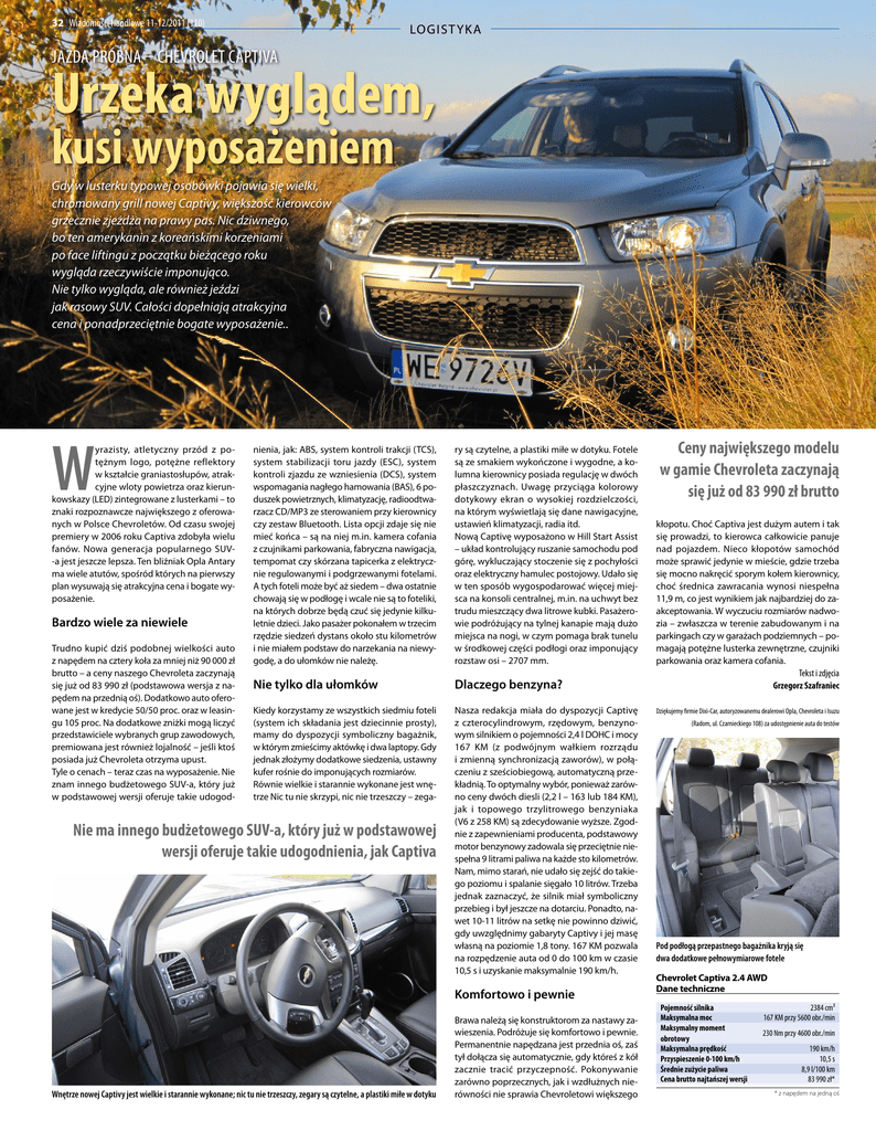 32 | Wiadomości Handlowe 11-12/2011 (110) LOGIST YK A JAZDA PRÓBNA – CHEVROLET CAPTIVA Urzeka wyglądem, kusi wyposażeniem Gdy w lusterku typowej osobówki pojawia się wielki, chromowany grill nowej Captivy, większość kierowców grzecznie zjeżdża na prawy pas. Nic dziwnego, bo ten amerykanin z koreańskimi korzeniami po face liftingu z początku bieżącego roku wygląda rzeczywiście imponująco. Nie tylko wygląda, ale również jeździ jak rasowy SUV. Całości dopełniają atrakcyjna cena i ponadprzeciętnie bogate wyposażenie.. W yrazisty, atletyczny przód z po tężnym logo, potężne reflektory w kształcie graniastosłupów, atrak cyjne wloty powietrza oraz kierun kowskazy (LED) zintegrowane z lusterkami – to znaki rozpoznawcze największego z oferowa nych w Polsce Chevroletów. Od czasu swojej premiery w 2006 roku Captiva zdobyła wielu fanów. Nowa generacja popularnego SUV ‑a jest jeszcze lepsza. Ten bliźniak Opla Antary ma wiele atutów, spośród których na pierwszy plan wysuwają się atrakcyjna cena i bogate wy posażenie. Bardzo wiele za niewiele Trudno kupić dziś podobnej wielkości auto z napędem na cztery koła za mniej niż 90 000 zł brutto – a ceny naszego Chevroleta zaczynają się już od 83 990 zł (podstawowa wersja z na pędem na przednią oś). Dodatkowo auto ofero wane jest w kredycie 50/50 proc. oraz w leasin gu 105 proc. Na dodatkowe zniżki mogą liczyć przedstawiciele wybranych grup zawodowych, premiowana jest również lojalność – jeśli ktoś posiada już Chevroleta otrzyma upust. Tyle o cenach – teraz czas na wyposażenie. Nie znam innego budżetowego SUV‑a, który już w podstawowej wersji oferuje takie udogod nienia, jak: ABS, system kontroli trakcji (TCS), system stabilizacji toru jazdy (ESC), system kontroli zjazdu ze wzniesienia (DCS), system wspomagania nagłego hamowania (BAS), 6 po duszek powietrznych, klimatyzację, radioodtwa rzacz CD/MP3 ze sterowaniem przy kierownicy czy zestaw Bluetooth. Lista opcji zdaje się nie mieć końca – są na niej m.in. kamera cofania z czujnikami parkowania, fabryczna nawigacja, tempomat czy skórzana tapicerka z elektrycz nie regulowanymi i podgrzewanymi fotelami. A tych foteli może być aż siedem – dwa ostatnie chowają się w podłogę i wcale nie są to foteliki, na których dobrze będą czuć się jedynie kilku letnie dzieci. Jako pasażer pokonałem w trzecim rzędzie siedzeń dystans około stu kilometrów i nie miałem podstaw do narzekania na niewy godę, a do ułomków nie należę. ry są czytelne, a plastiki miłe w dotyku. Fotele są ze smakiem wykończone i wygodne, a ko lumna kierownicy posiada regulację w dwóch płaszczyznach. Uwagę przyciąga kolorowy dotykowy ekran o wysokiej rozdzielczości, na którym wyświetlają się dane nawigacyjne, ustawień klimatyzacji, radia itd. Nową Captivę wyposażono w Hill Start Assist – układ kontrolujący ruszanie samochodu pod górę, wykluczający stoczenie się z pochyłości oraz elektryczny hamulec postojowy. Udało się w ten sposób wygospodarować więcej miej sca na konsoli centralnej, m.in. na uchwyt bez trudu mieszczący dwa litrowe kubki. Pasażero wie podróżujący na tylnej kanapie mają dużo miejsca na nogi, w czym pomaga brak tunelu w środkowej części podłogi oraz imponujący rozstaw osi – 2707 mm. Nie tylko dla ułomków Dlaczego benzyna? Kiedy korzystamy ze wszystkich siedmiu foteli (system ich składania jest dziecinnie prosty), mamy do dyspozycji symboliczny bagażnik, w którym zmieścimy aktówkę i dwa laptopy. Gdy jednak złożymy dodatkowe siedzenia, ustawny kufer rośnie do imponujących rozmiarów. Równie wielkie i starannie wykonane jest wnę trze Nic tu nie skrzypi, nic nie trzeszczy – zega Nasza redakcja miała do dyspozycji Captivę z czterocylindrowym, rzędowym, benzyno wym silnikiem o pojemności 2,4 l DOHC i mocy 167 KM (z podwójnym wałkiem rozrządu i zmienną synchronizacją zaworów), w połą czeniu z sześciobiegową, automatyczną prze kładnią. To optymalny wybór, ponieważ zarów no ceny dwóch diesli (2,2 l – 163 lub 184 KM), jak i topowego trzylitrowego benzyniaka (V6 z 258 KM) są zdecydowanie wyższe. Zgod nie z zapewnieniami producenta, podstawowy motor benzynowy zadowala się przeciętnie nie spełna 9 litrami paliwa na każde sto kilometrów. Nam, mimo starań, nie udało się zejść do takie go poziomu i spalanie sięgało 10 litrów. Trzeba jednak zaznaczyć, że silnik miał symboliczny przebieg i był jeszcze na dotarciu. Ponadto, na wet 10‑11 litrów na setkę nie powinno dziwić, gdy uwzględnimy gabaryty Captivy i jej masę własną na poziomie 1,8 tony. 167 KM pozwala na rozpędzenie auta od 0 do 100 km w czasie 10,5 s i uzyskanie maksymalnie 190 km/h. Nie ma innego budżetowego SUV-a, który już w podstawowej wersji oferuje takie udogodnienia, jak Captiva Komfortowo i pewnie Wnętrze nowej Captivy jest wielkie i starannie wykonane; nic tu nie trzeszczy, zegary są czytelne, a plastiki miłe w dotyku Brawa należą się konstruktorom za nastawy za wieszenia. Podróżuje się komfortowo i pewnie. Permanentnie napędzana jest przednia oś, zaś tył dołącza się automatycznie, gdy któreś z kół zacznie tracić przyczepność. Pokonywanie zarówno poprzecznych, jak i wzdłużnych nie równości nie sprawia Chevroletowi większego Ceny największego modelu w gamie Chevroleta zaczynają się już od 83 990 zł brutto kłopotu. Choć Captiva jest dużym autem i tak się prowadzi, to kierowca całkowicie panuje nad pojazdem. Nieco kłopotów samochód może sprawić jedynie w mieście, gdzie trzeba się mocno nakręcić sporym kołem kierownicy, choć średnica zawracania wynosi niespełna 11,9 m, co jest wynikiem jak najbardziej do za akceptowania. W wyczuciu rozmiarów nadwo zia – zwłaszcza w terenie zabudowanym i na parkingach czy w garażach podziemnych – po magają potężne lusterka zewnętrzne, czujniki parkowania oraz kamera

--

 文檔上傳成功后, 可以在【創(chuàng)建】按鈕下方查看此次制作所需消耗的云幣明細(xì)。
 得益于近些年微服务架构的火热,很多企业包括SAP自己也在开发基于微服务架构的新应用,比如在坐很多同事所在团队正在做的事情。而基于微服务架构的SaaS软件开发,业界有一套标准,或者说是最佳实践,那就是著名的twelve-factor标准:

--

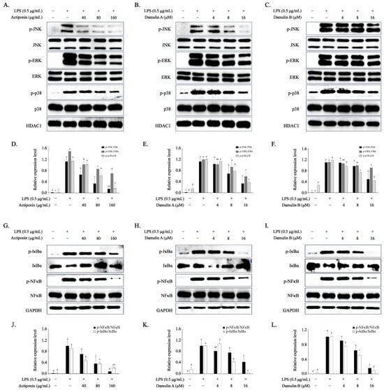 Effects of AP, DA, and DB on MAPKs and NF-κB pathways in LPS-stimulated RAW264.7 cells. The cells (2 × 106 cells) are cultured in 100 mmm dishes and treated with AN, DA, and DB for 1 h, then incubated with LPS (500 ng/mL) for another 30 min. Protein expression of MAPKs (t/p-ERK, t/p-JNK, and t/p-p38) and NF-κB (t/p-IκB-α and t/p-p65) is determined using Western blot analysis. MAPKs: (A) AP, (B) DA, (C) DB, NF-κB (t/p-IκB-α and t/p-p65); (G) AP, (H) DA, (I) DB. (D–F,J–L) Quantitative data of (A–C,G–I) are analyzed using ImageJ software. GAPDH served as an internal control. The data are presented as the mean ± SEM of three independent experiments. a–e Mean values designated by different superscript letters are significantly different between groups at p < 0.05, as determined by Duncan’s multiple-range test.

■ Assignment ■
The lines above from the one with "文檔上傳成功后, 可以在【創" through the one with "得益于近些年微服务架构的火热" are to be duplicated exactly, ends included, with nothing added.

■ Task answer ■
 文檔上傳成功后, 可以在【創(chuàng)建】按鈕下方查看此次制作所需消耗的云幣明細(xì)。
 得益于近些年微服务架构的火热,很多企业包括SAP自己也在开发基于微服务架构的新应用,比如在坐很多同事所在团队正在做的事情。而基于微服务架构的SaaS软件开发,业界有一套标准,或者说是最佳实践,那就是著名的twelve-factor标准:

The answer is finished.